Большой Грын (тогда его звали ых Кана, сын Каны) хорошо помнил свой обряд. Ему приказали закрыть глаза и долго вели куда-то по лесу. Потом, он это чувствовал, они вышли к Медленной Воде. Под лапами захлюпало, стало тяжело идти. Но ых Кана упорно шёл, доверяясь ведущим его и честно не открывая глаз. Наконец, он почувствовал под ногами твёрдую землю. Его осторожно остановили и разрешили открыть глаза.

Он находился на крохотном островке посреди большой Медленной Воды. В самой центре стоял большой замшелый камень. Он был очень большой. Даже Кныр, самый сильный и большой в их семье, рядом с валуном казался новорожденным детёнышем.

Мать семьи подошла к камню, прикоснулась к нему ладонями и что-то запела низким хриплым голосом. Слов ых Кана не понимал. Не то чтобы они звучали не разборчиво. Нет, они просто были незнакомы. Как будто не из их языка.

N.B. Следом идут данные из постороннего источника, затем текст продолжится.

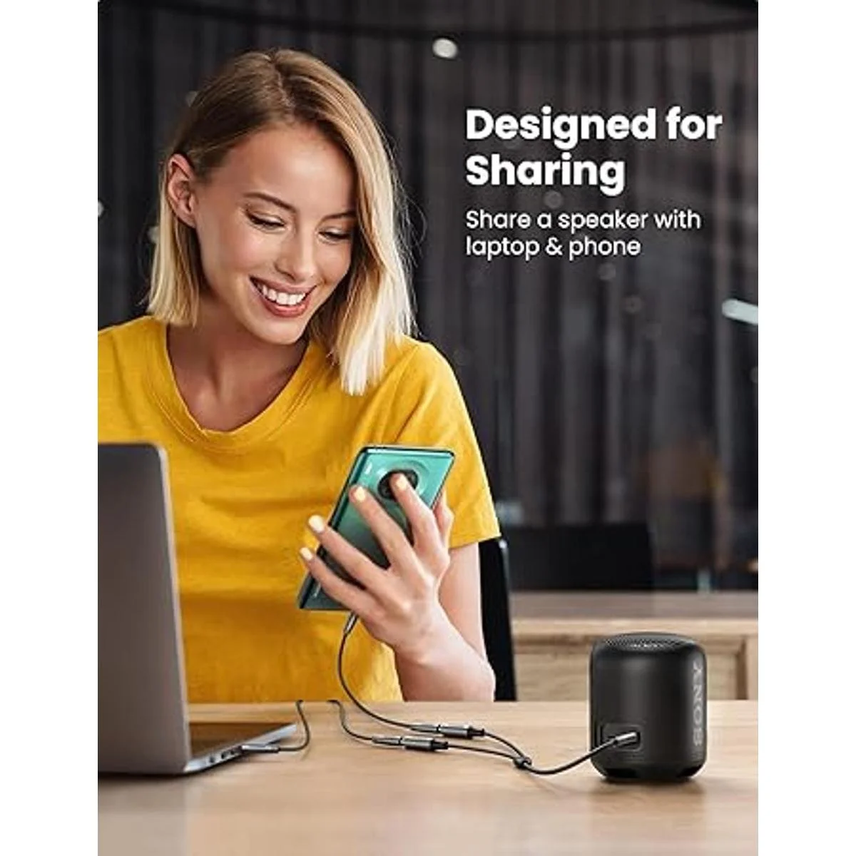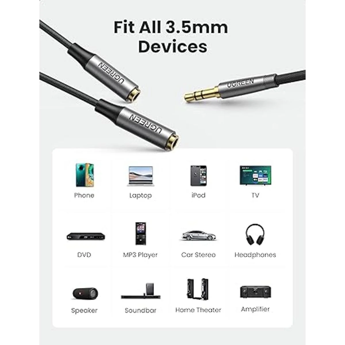 Divisor auxiliar bidireccional: el divisor de audio de 0.138 in también se puede utilizar para conectar un teléfono y portátil al mismo auriculares/altavoz. El divisor auxiliar de 2 vías UGREEN es perfecto para compartir un auricular/altavoz/barra de sonido con dos dispositivos.
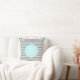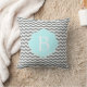 cinzas modernas, legal, elegantes e clássicas, listras brancas chevron zigzag, com forma decorativa aqua azul no meio, monograma, inicial, nome, presentes de texto para ela.
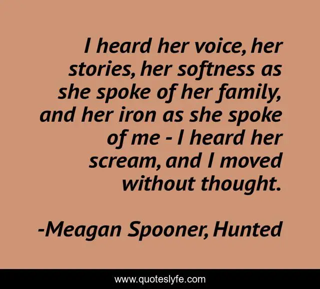 "Meagan Spooner, Hunted Quotes." Quoteslyfe.com, 2025. Mon. 08 Dec. 2025. <https://www.quoteslyfe.com/quote/I-heard-her-voice-her-stories-her-60897>.

Остальная семья уселась полукругом перед камнем и помогала Таре, ухая и шлёпая ладонями по земле.

Это продолжалось долго. Но ых Кана терпеливо ждал. Хотя по молодости и глупости, он не понимал, что и для чего делает Мать семьи, он внимательно слушал её пение. Наконец, она закончила и подозвала ых Кана:

— Прикоснись к камню.

Ых Кана подошёл и положил руки на валун. Он удивился. Там, подо мхом, чувствовалась Сила. Она пульсировала, набухала и опадала, ворочалась, как Кныр во время сна. Сила внутри камня жила.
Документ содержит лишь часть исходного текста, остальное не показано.